Во-первых, аудитория не приняла методы и форму критики г-на Корягина. Дело не в корпоративной солидарности и в защите своего коллеги. Редко какая конференция, во всяком случае посвященная истории 1812 г., в прошлом проходила без полемики и критики. Но все, даже очень жаркие дискуссии и споры велись в строгих академических рамках и всегда соблюдалось уважительное отношение к своим оппонентам. Г-ну Корягину с мест было высказано много слов (о чем он постеснялся упомянуть) о недопустимости ведения научной полемики в подобной манере, которую он избрал. В немалой степени ситуация усугубилась и тем, что мой критик перед конференцией разослал многим участникам по домашним адресам свой 10-й выпуск (включая моего издателя с вежливым намеком более не издавать В. М. Безотосного). Обычно, как многие знают, он их продает и в отсутствии прагматизма его не упрекнешь. Но акция возымела противоположные последствия ― явно отрицательные для ее устроителя. После прочтения критического опуса с очень прозрачной задачей и конкретно заданной целью к личности автора у получателей сложилось вполне конкретное отношение.

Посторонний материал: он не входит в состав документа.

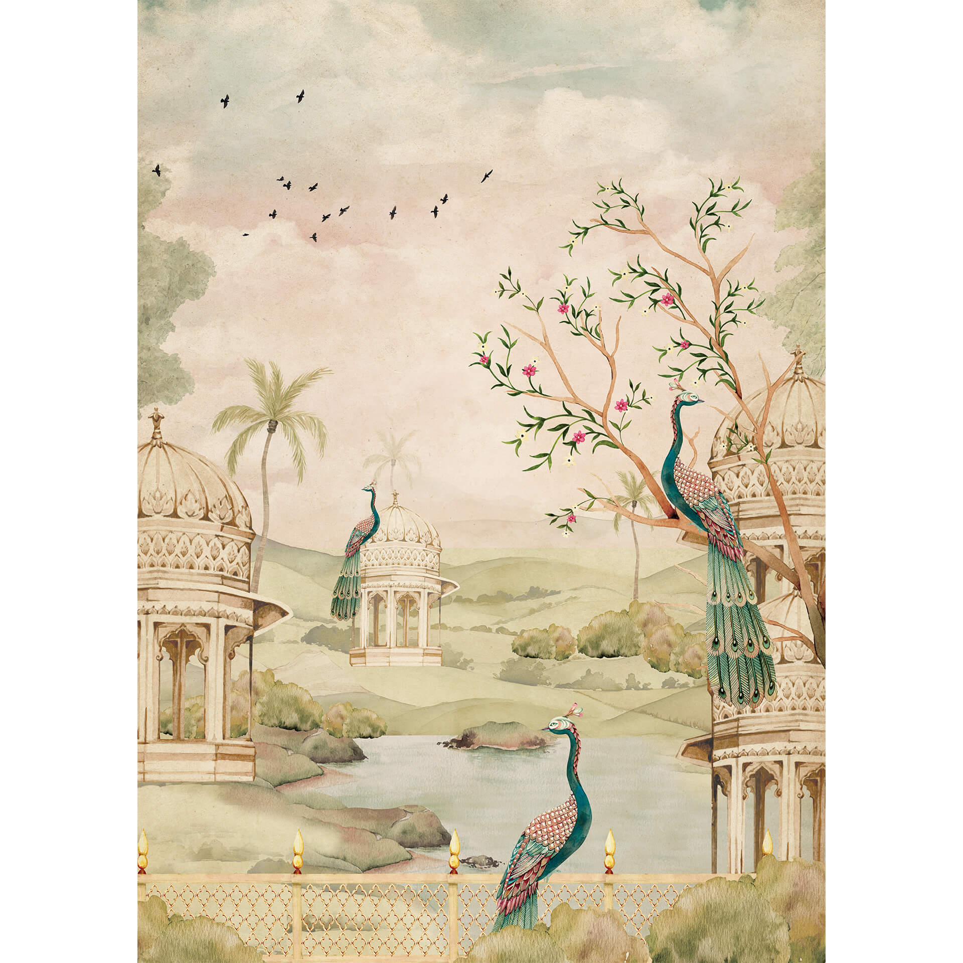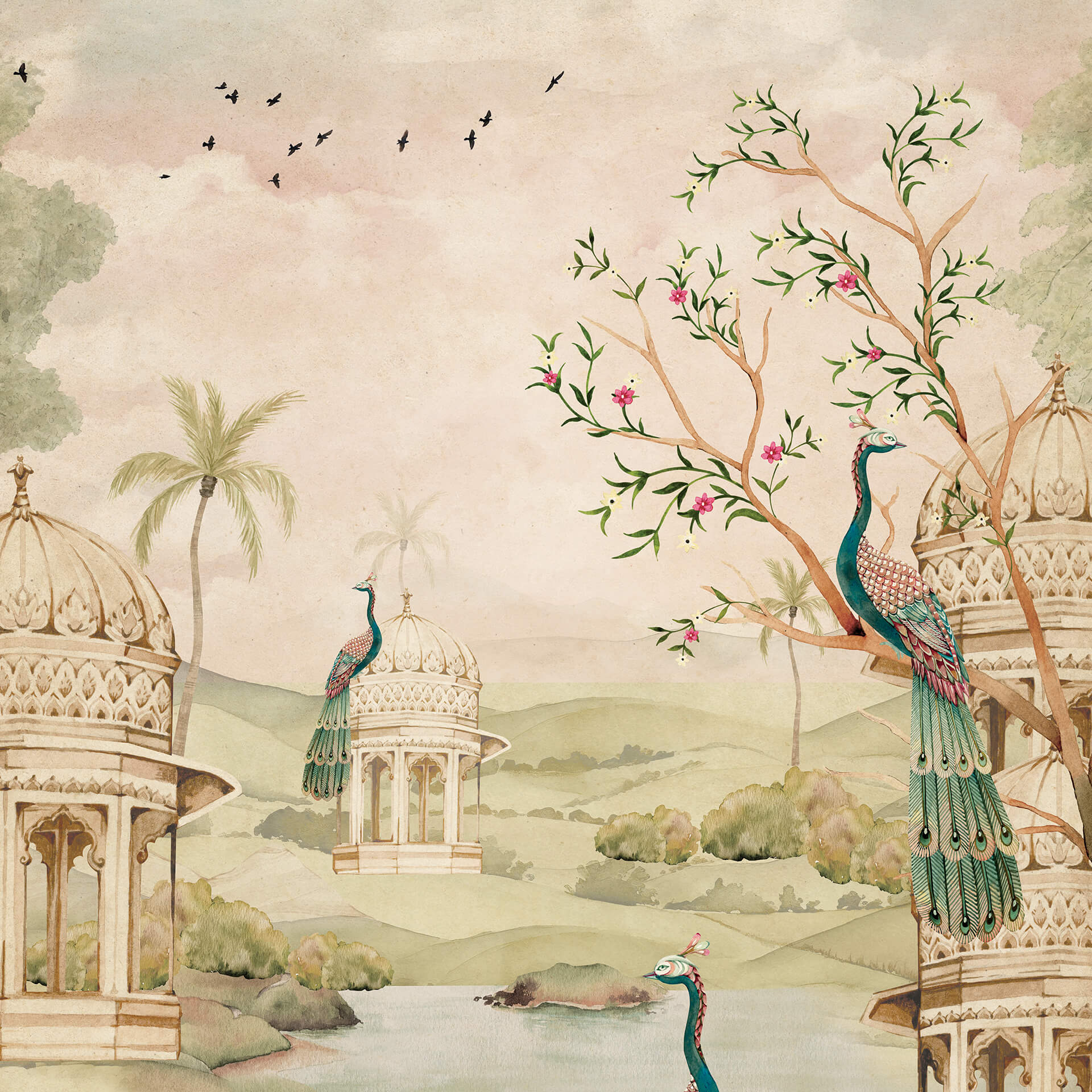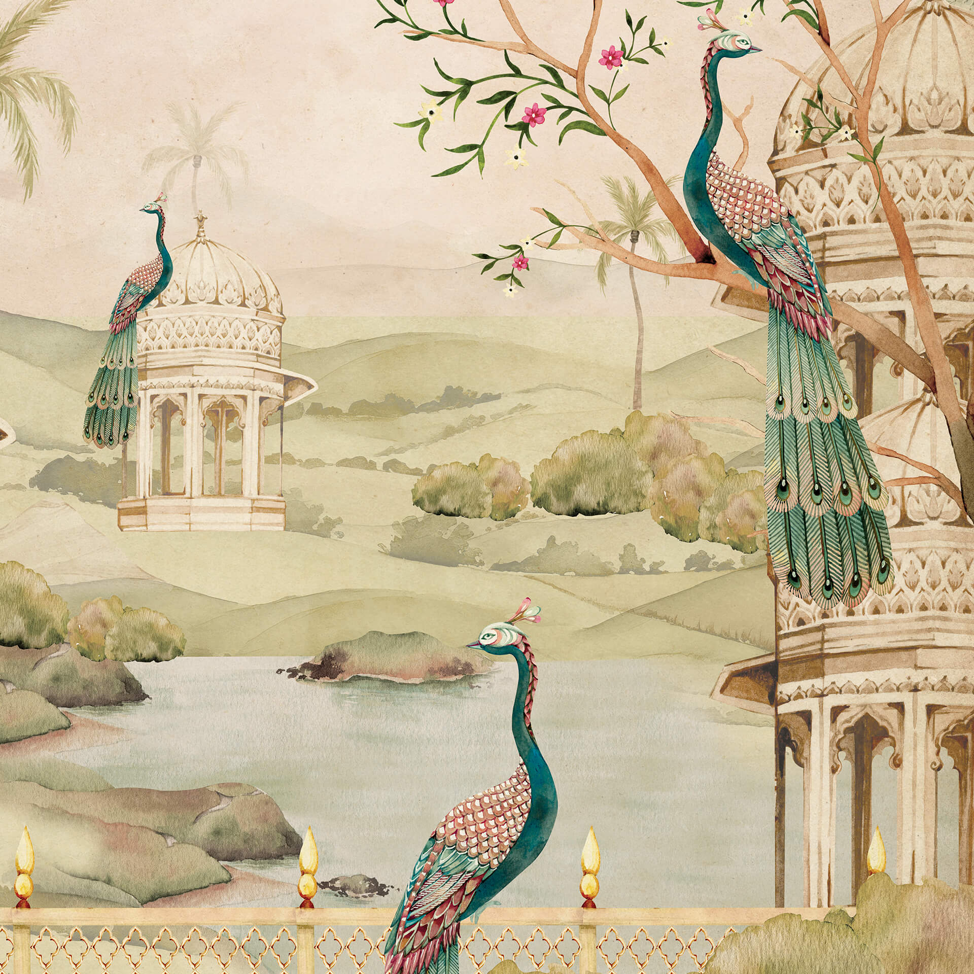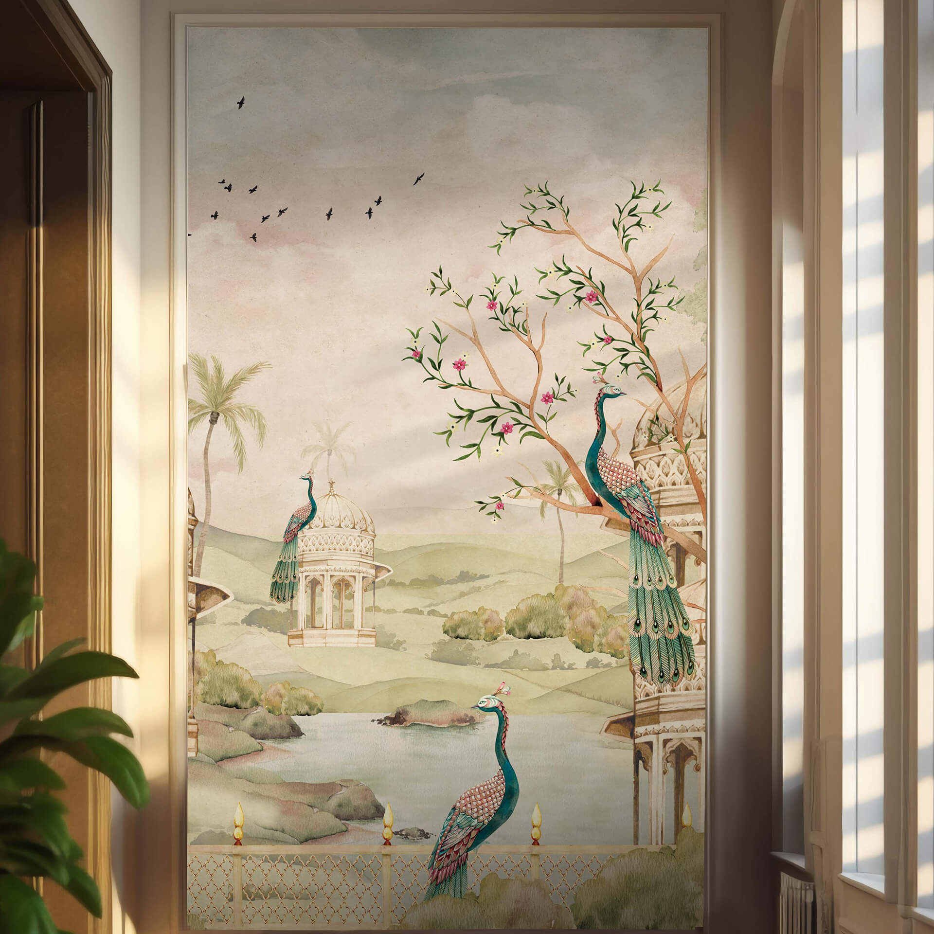 Indian Palace Wallpaper With Peacock Motifs in vibrant colors. This Indian Mahal wallpaper transforms any room into a sophisticated, artistic sanctuary. Perfect for living rooms, bedrooms, traditional or cultural spaces.
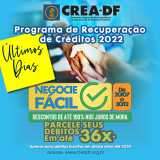 Começa hoje (20/07) e vai até o dia 30/12/2022, o Programa de Recuperação de Créditos 2022 do Crea-DF!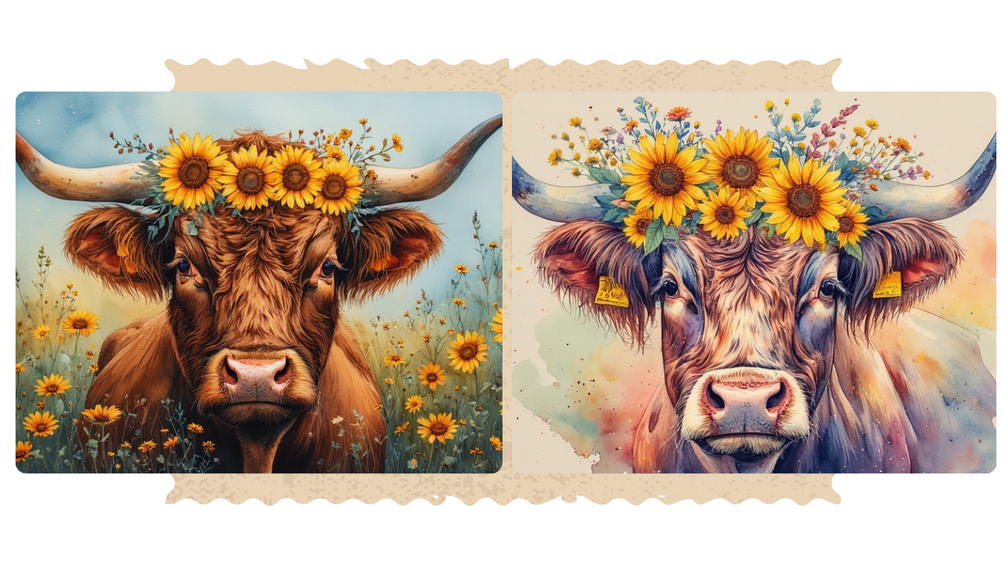 Bring a touch of rustic charm and free-spirited artistry to your projects with this Bohemian Highland Cow Watercolor Graphics Pack. Each piece in this collection features a beautifully highland cow, adorned with floral crowns and surrounded by soft wildflowers—perfectly capturing the cozy, bohemian aesthetic.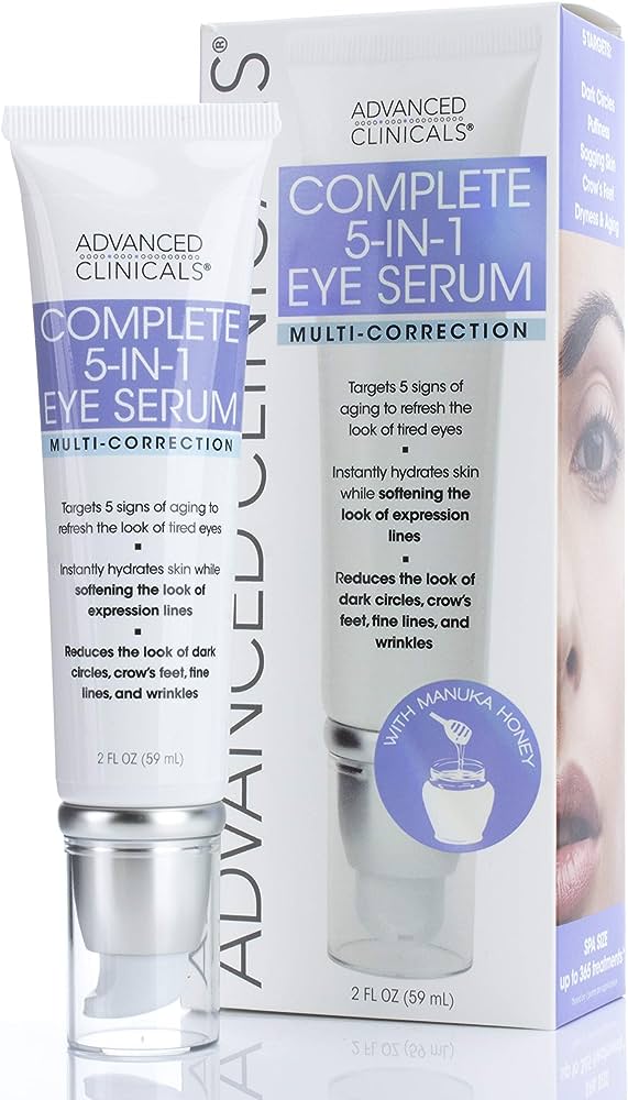 Advanced Clinicals 5-in-1 Multi Correction Eye Serum utilizes Plant Collagen, Manuka Honey, Collodial Gold, and K3 Vitamin C to target five signs at once making your eyes look visibly renewed. Instantly hydrates skin while diminishing the look of dark circles, bags, puffiness, lines, and crepey eyelids. Our 5-in-1 Eye Serum helps reduce the appearance of wrinkles and crow’s feet while Plant Collagen dramatically improves elasticity to fight tired, saggy eyes

Слушателей докладчик также поразил рядом оригинальных суждений. Например, особенную реакцию у зала вызвало заявление о том, что не надо создавать справочников и энциклопедий, поскольку они никому не нужны. Эту прозвучавшую мысль из уст г-на Корягина можно назвать свежей на пороге ХХI в., но отнюдь не новой. Нечто подобное уже давно предлагал один из героев А. С. Грибоедова. Конечно, если бы современный «Скалозуб» среди школьников предложил отменить учебники, у некоторой части аудитории он нашел бы благожелательный отклик. Но на конференциях собираются все же не школьники, а более зрелый народ. Были и другие пассажи, претендовавшие на новое слово в исторической науке. Во время выступления г-на Корягина мне пришлось стать невольным свидетелем одной сцены ― сидевшая впереди и незнакомая мне дама, после фразы докладчика об «австрийском короле» в своем комментарии соседке вынесла вердикт, суть которого сводилась к словам: «Все ясно, уровень беспредельно высокий». Стоит ли удивляться, что когда под конец дискуссии мой оппонент попросил дополнительного слова, аудитория, уже поставившая ему за предыдущее выступление «неуд», слушать его не захотела.
Странное впечатление сложилось и о самом докладе. Значительная часть его оказалась посвященной характеристике каждого из десяти выпусков г-на Корягина. Недоброжелатели, возможно, назвали бы это саморекламой, тем более, что выступающий призвал подходить к нему после доклада и покупать уже выпущенную продукцию. Призыв, правда, не возымел действия. Увесистую сумку с литературой (как подтверждение серьезности намерений она стояла рядом с трибуной) докладчик вынужден был унести домой. Это лишь один из нюансов. Хочу сказать и о другом, более важном ― у г-на Корягина не получилось критики в мой адрес, она свелась только к декларативным заявлениям. Подобная аргументация абсолютно не убедила аудиторию. Даже если бы не было моего ответного выступления, все равно в глазах собравшихся г-н Корягин остался бы «критиканом», а не критиком. Боюсь, что именно этого не понял мой оппонент, что он бил не меня, а в первую очередь себя.
В вып. № 11 Корягин увидел произошедшее совсем другими глазами. По его мнению, с одной стороны, В. М. Безотосный «дал развернутый ответ на критическую статью из вып. № 10», с другой ― по существу предъявленных ему претензий «вразумительный ответ был дан только на несколько». Далее, он кратко описал, как мне убедительно удалось доказать, что в основе нападок «лежала откровенная жажда наживы» (г-ну Корягину виднее, поскольку это не мои, а его слова). После чего «потрясенная аудитория» не дала ему «возможности задать… не одного вопроса» (вып. № 11, с. 96). Комментарии к этому пассажу излишни, хотя не замечал до этого за собой способностей по зомбированию публики.